§ What to produce: Find the line with "膜結構就開始走下坡路。膜結構" and the line with "This one has" in the entries below; output exactly those two lines, every line between them, and no others.

§ Input data:
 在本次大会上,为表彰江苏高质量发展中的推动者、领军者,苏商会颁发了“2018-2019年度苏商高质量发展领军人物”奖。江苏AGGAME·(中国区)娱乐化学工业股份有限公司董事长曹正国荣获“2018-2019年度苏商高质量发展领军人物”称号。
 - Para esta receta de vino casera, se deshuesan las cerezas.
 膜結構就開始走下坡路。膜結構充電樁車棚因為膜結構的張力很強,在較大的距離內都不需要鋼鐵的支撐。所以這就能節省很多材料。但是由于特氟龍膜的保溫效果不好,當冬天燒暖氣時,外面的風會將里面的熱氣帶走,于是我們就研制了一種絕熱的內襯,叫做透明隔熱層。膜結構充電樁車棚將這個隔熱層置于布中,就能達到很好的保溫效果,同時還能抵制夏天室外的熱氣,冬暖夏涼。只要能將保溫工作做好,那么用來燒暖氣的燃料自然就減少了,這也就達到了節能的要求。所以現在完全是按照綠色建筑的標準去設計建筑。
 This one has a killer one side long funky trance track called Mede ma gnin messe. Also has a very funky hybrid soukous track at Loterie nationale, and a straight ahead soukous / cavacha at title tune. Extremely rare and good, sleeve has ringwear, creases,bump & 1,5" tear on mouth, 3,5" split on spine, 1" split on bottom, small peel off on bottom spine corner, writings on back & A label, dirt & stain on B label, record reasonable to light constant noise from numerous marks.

---

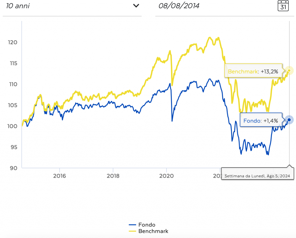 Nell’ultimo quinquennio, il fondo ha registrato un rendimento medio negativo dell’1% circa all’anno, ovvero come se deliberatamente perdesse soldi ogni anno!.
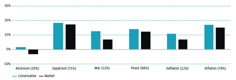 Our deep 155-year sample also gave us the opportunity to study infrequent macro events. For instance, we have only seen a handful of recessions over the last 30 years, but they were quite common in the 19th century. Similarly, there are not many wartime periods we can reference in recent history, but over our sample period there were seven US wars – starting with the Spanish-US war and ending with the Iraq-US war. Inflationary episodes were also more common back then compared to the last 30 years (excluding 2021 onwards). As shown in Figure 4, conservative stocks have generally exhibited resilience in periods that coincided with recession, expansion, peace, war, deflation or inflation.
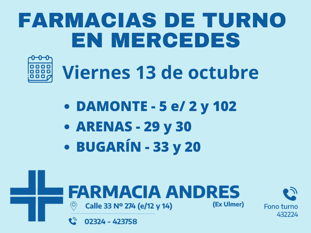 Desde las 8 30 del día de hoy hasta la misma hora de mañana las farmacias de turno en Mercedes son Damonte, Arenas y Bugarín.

§ Exercise result:
 膜結構就開始走下坡路。膜結構充電樁車棚因為膜結構的張力很強,在較大的距離內都不需要鋼鐵的支撐。所以這就能節省很多材料。但是由于特氟龍膜的保溫效果不好,當冬天燒暖氣時,外面的風會將里面的熱氣帶走,于是我們就研制了一種絕熱的內襯,叫做透明隔熱層。膜結構充電樁車棚將這個隔熱層置于布中,就能達到很好的保溫效果,同時還能抵制夏天室外的熱氣,冬暖夏涼。只要能將保溫工作做好,那么用來燒暖氣的燃料自然就減少了,這也就達到了節能的要求。所以現在完全是按照綠色建筑的標準去設計建筑。
 This one has a killer one side long funky trance track called Mede ma gnin messe. Also has a very funky hybrid soukous track at Loterie nationale, and a straight ahead soukous / cavacha at title tune. Extremely rare and good, sleeve has ringwear, creases,bump & 1,5" tear on mouth, 3,5" split on spine, 1" split on bottom, small peel off on bottom spine corner, writings on back & A label, dirt & stain on B label, record reasonable to light constant noise from numerous marks.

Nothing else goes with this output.